For autotransformer: Inherently Star-Star with 0° shift.

Harmonics and grounding:

  • Star-Star: Requires tertiary for third harmonic
  • Star-Zigzag: Provides zero sequence path

Given autotransformer connection in the system:

Correct answer: A (Star-Star, 0°)

For EHV autotransformer application.

QQuestion 2 1 Mark

Incremental cost curves for two generators supplying common 700 MW load. Generator A: 200-450 MW range, Generator B: 150-400 MW range. The optimum generation schedule is:

Figure 2.1
Figure 2.1

AOptions

  1. Generator A: 400 MW, Generator B: 300 MW
  2. Generator A: 350 MW, Generator B: 350 MW
  3. Generator A: 450 MW, Generator B: 250 MW
  4. Generator A: 425 MW, Generator B: 275 MW

SSolution

Economic dispatch principle:

At optimum: \(\frac{dC_A}{dP_A} = \frac{dC_B}{dP_B} = \lambda\)

Equal incremental costs.

From incremental cost curves:

Looking at the curves (described in problem):

  • Gen A: Incremental cost ranges from ~450 Rs/MWhr at 200 MW to ~600 Rs/MWhr at 450 MW
  • Gen B: Incremental cost ranges from ~650 Rs/MWhr at 150 MW to ~800 Rs/MWhr at 400 MW

Observation:

Generator A has lower incremental cost throughout its range compared to Generator B.

Optimal strategy:

Load Generator A to maximum (450 MW) first, then load Generator B for remainder.

\[P_A = 450 \text{ MW}\]
\[P_B = 700 - 450 = 250 \text{ MW}\]

Verification:

At these loadings, incremental costs are closest to equal (or Gen A at limit).

Correct answer: C

QQuestion 3 1 Mark

Bundled conductor of overhead line with three identical sub-conductors at corners of equilateral triangle. Neglecting other phases and ground, maximum electric field intensity experienced at

Figure 3.1
Figure 3.1

AOptions

  1. Point X (center)
  2. Point Y (adjacent to one conductor)
  3. Point Z (on line between two conductors)
  4. Point W (outside triangle)

SSolution

Electric field from bundled conductor:

For three conductors, each carrying charge \(q/3\):

At center (X):

Three equal charges at equal distances.

By symmetry: \(\vec{E}_1 + \vec{E}_2 + \vec{E}_3 = 0\)

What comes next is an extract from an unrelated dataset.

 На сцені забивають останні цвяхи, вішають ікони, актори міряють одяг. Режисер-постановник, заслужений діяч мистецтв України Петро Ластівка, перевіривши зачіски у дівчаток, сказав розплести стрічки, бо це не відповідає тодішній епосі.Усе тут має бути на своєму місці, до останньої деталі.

Electric field cancels at center.

At point adjacent to conductor (Y):

Very close to one conductor:

  • Large contribution from nearest conductor (inversely proportional to distance)
  • \(E \propto 1/r\)
  • As \(r \rightarrow\) radius, \(E \rightarrow\) maximum

At point between conductors (Z):

Moderate distance from two nearest conductors.

At external point (W):

Far from all conductors, field is weaker.

Maximum field location:

Occurs at surface of conductors where distance is minimum.

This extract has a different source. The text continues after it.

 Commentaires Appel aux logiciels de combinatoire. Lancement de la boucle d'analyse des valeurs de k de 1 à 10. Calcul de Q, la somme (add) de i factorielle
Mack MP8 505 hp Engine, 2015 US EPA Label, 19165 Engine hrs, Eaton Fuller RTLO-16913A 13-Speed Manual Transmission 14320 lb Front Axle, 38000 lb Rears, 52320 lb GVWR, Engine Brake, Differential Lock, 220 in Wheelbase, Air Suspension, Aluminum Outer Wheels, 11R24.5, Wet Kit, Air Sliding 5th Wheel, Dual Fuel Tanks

Point Y (adjacent/on conductor surface) experiences maximum field.

Correct answer: B

Section 02

2-Mark Questions

QQuestion 4 2 Mark

A solid sphere of insulating material has radius R and total charge Q uniformly distributed in volume. Magnitude of electric field intensity E at distance r (0 < r < R) inside sphere is

AOptions

  1. \(\frac{1}{4\pi\epsilon_0}\frac{Qr}{R^3}\)
  2. \(\frac{3}{4\pi\epsilon_0}\frac{Qr}{R^3}\)
  3. \(\frac{1}{4\pi\epsilon_0}\frac{Q}{r^2}\)
  4. \(\frac{1}{4\pi\epsilon_0}\frac{QR}{r^3}\)

SSolution

Gauss's law:

\[\oint \vec{E} \cdot d\vec{A} = \frac{Q_{enclosed}}{\epsilon_0}\]

Charge density:

\[\rho = \frac{Q}{\frac{4}{3}\pi R^3} = \frac{3Q}{4\pi R^3}\]

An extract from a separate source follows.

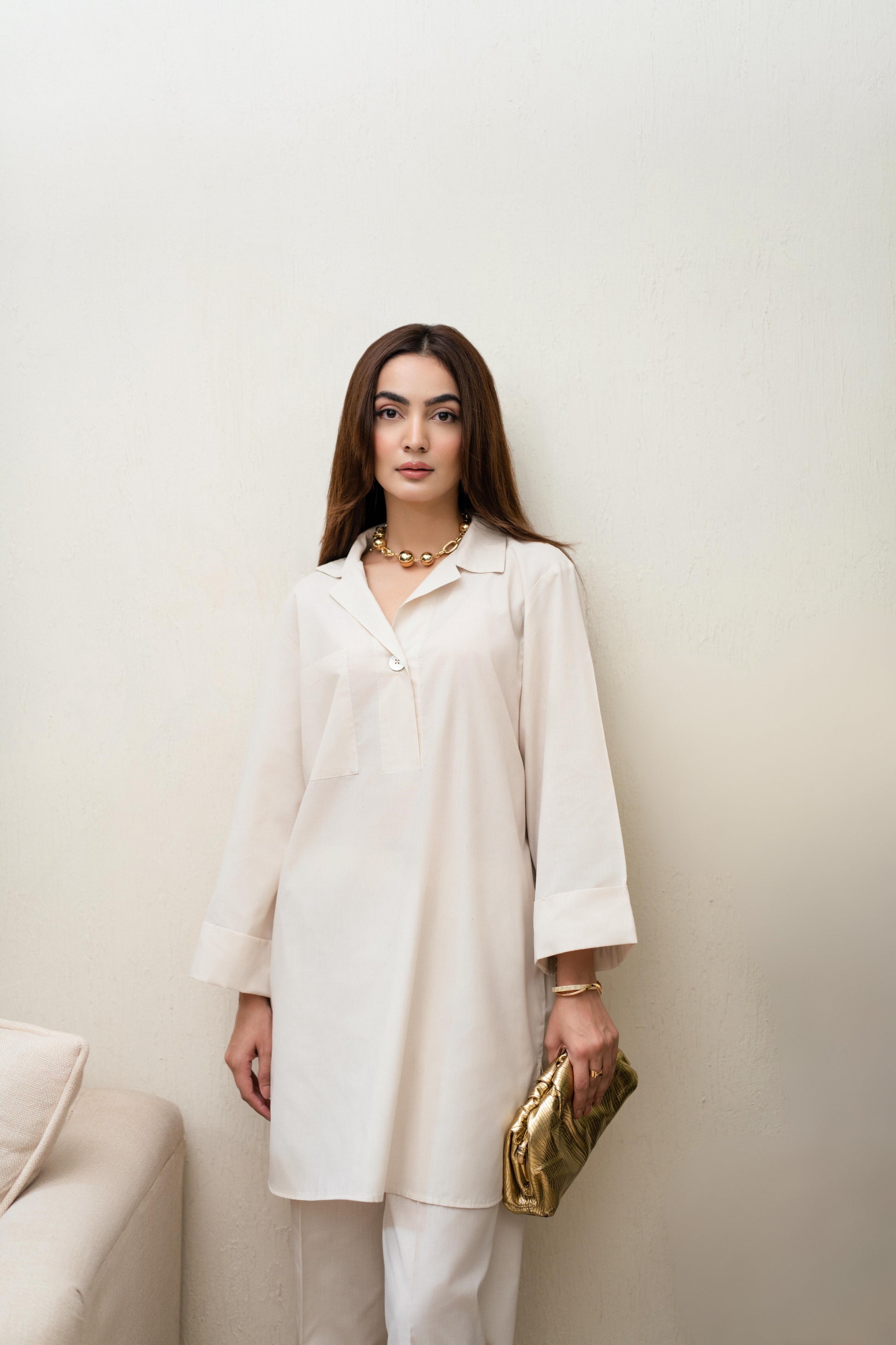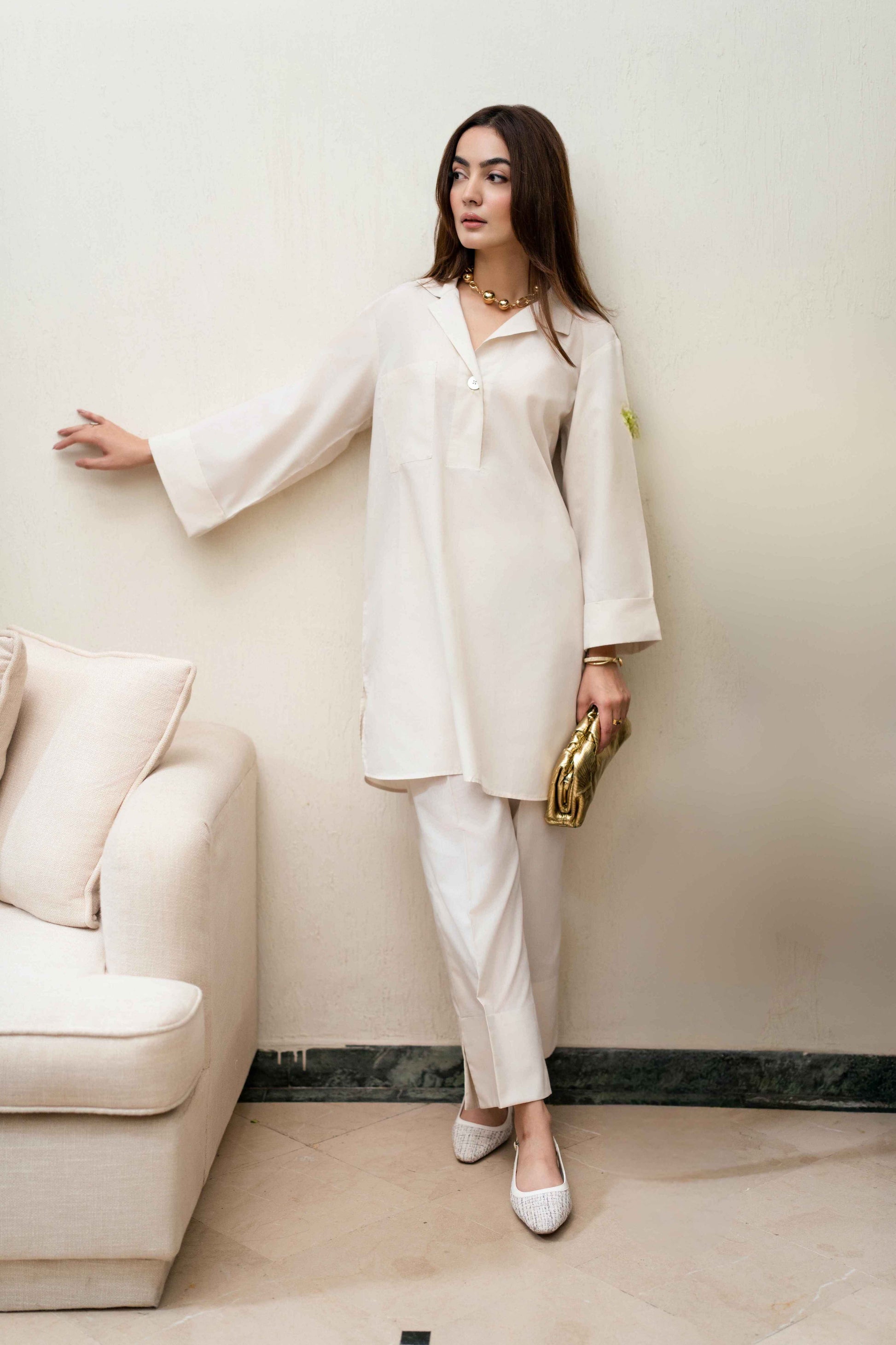 Crafted in blended poplin cotton, this white co-ord is all about lightness and ease. The shirt features a sharp collar neckline with a clean, straight cut that skims effortlessly, minimal but elevated. Paired with easy trousers, it’s crisp, airy, and breathable, making it your go-to for coming days. A timeless white, reimagined with modern simplicity.

For Gaussian surface at radius r < R:

Enclosed charge:

\[Q_{enc} = \rho \times \frac{4}{3}\pi r^3 = \frac{3Q}{4\pi R^3} \times \frac{4}{3}\pi r^3 = \frac{Qr^3}{R^3}\]

Electric field:

By symmetry, field is radial and uniform on Gaussian surface:

\[E \times 4\pi r^2 = \frac{Q_{enc}}{\epsilon_0} = \frac{Qr^3}{\epsilon_0 R^3}\]
\[E = \frac{Qr^3}{\epsilon_0 R^3 \times 4\pi r^2} = \frac{Qr}{4\pi\epsilon_0 R^3}\]
\[E = \frac{1}{4\pi\epsilon_0}\frac{Qr}{R^3}\]

Correct answer: A

QQuestion 5 2 Mark

Synchronous generator connected to infinite bus by two parallel transmission lines. Transient reactance \(x' = 0.1\) pu, mechanical power 1.0 pu. Rotor angle undergoes undamped oscillation with maximum \(\delta(t) = 130°\). One line trips at instant when \(\delta = 130°\). Maximum per unit line reactance x such that system doesn't lose synchronism is

Figure 5.1
Figure 5.1

AOptions

  1. 0.87
  2. 0.74
  3. 0.67
  4. 0.54

SSolution

System configuration:

Before trip:

Two parallel lines: \(X_{line} = x/2\) (each line has reactance x)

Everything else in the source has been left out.